What you have to do = Give the listing back in full, exactly as written, with the pictures removed.

BEGIN Data excerpt

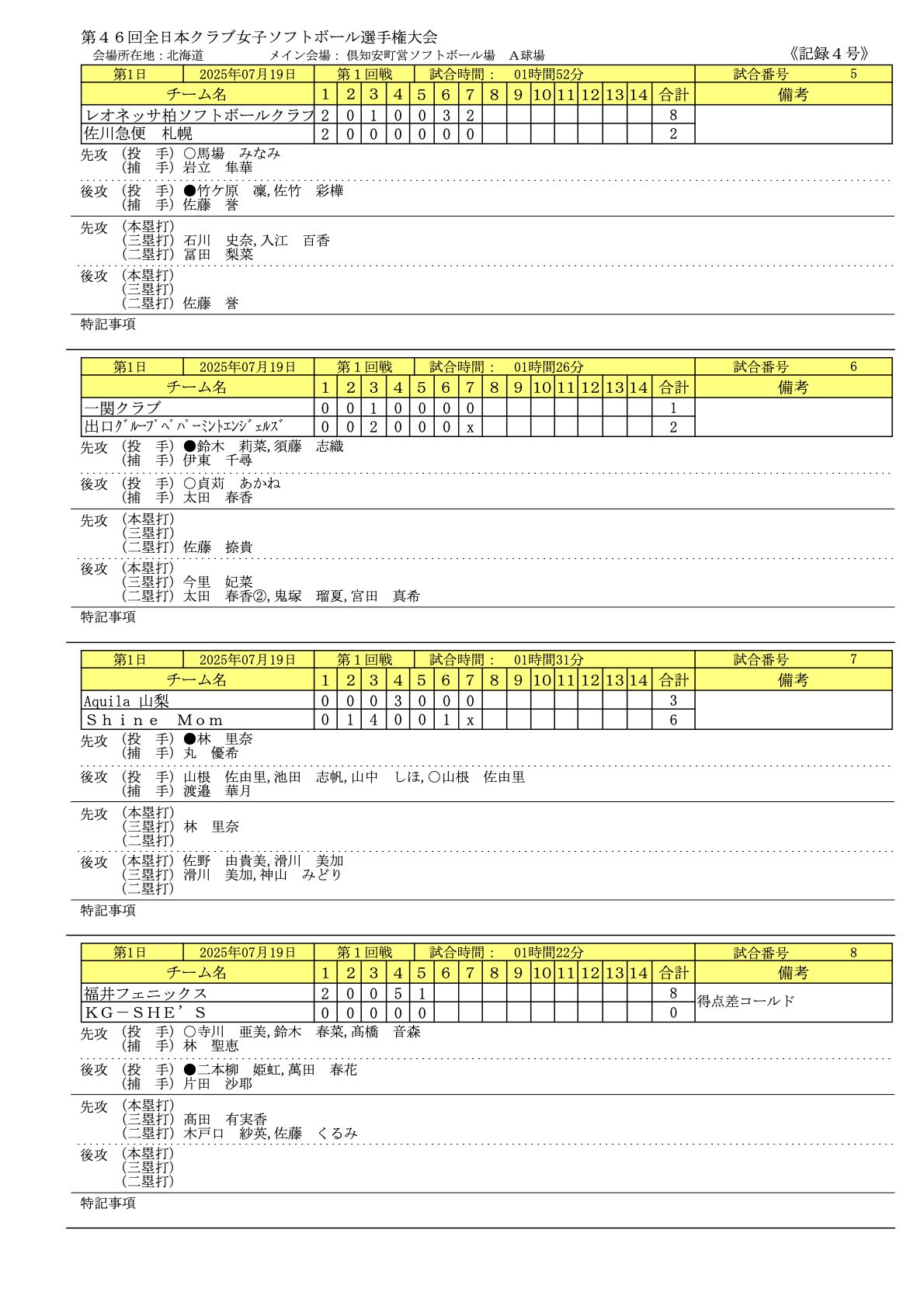 | レオネッサ柏 ソフトボールクラブ | C-2 7/19 〇8-2● | 佐川急便札幌 |
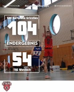 — Oberliga: Grizzlies gegen TSG Wiesloch am 08.03.26 — In einem mitreißenden Spiel auswärts gegen die TSG Wiesloch zeigten die Grizzlies in der Oberliga Baden Männer eine beeindruckende Leistung. Mit 15 verwandelten Dreipunktwürfen und einem maximalen Punkteabstand von 52 Punkten überrollten sie die Wieslocher und holten sich einen verdienten 104:54-Sieg ...
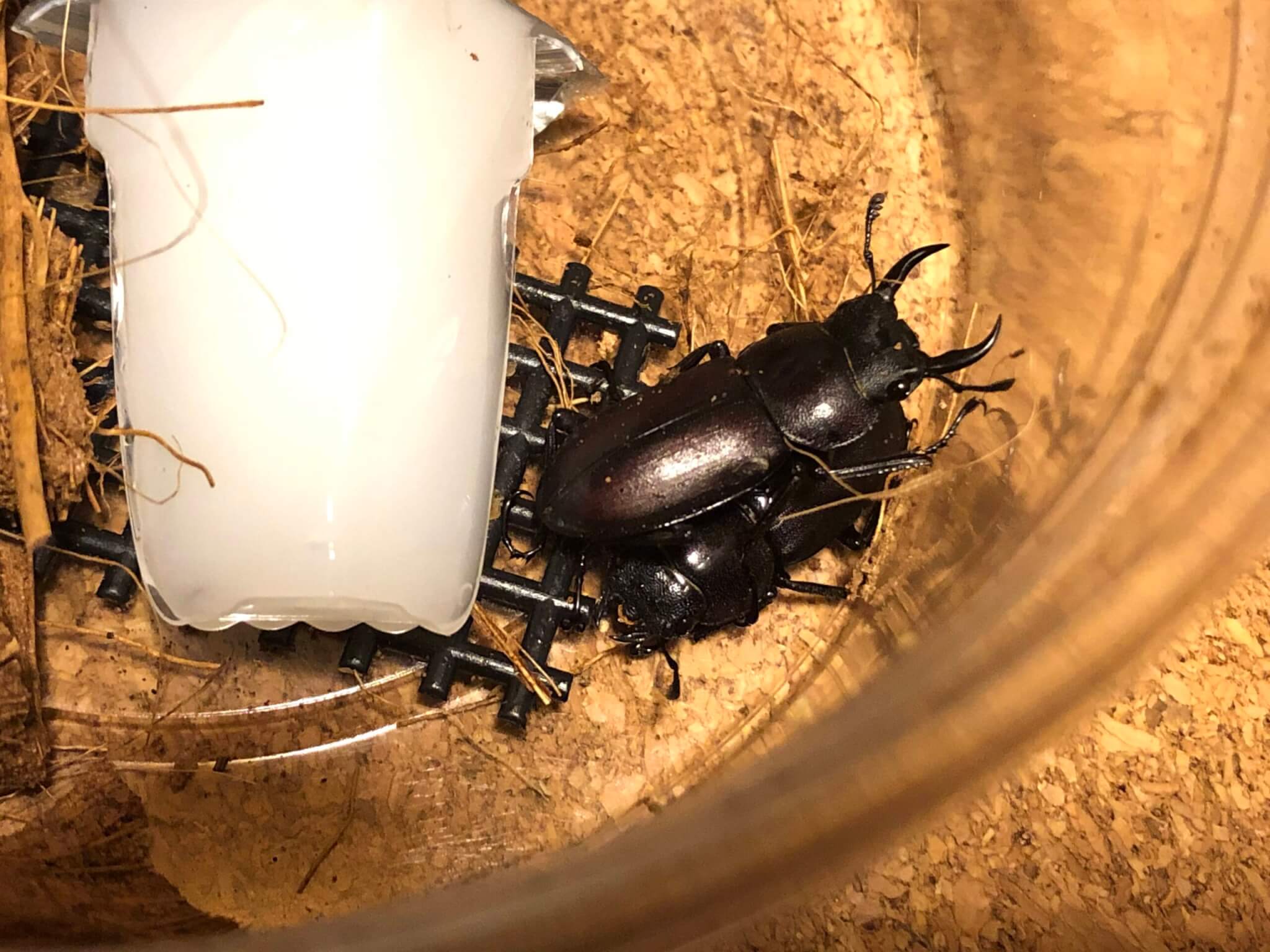 産卵Mat〜プロトタイプ〜が余ってしまったので、適当に固詰して庭に落ちてたコクワを拾って中に入れて飼育していたら、幼虫が見えたので割り出してみた。まさか産卵しているとは思ってもいなかった(コクワは材産卵が基本)ので、もし早く割り出していたらもっといたのかもしれない…?割り出しの時メスはもうお亡くなりでした。
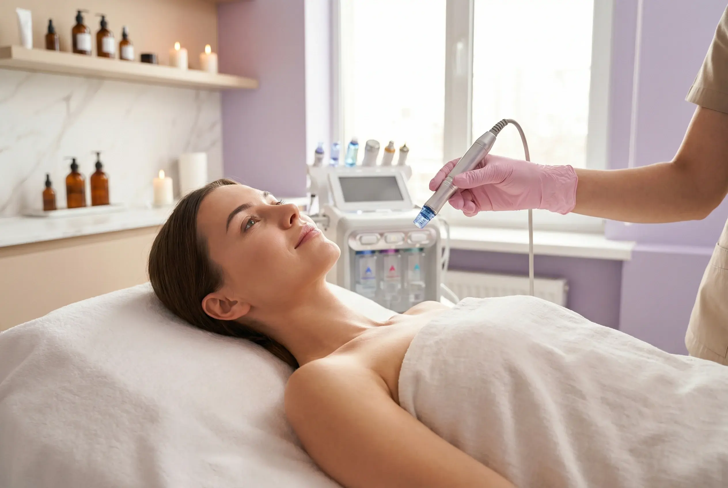 Тонкие микронидели стимулируют выработку коллагена, улучшают текстуру кожи и повышают эластичность – идеально для мелких морщин, шрамов или крупных пор.

END Data excerpt

Your response =
 | レオネッサ柏 ソフトボールクラブ | C-2 7/19 〇8-2● | 佐川急便札幌 |
 — Oberliga: Grizzlies gegen TSG Wiesloch am 08.03.26 — In einem mitreißenden Spiel auswärts gegen die TSG Wiesloch zeigten die Grizzlies in der Oberliga Baden Männer eine beeindruckende Leistung. Mit 15 verwandelten Dreipunktwürfen und einem maximalen Punkteabstand von 52 Punkten überrollten sie die Wieslocher und holten sich einen verdienten 104:54-Sieg ...
 産卵Mat〜プロトタイプ〜が余ってしまったので、適当に固詰して庭に落ちてたコクワを拾って中に入れて飼育していたら、幼虫が見えたので割り出してみた。まさか産卵しているとは思ってもいなかった(コクワは材産卵が基本)ので、もし早く割り出していたらもっといたのかもしれない…?割り出しの時メスはもうお亡くなりでした。
 Тонкие микронидели стимулируют выработку коллагена, улучшают текстуру кожи и повышают эластичность – идеально для мелких морщин, шрамов или крупных пор.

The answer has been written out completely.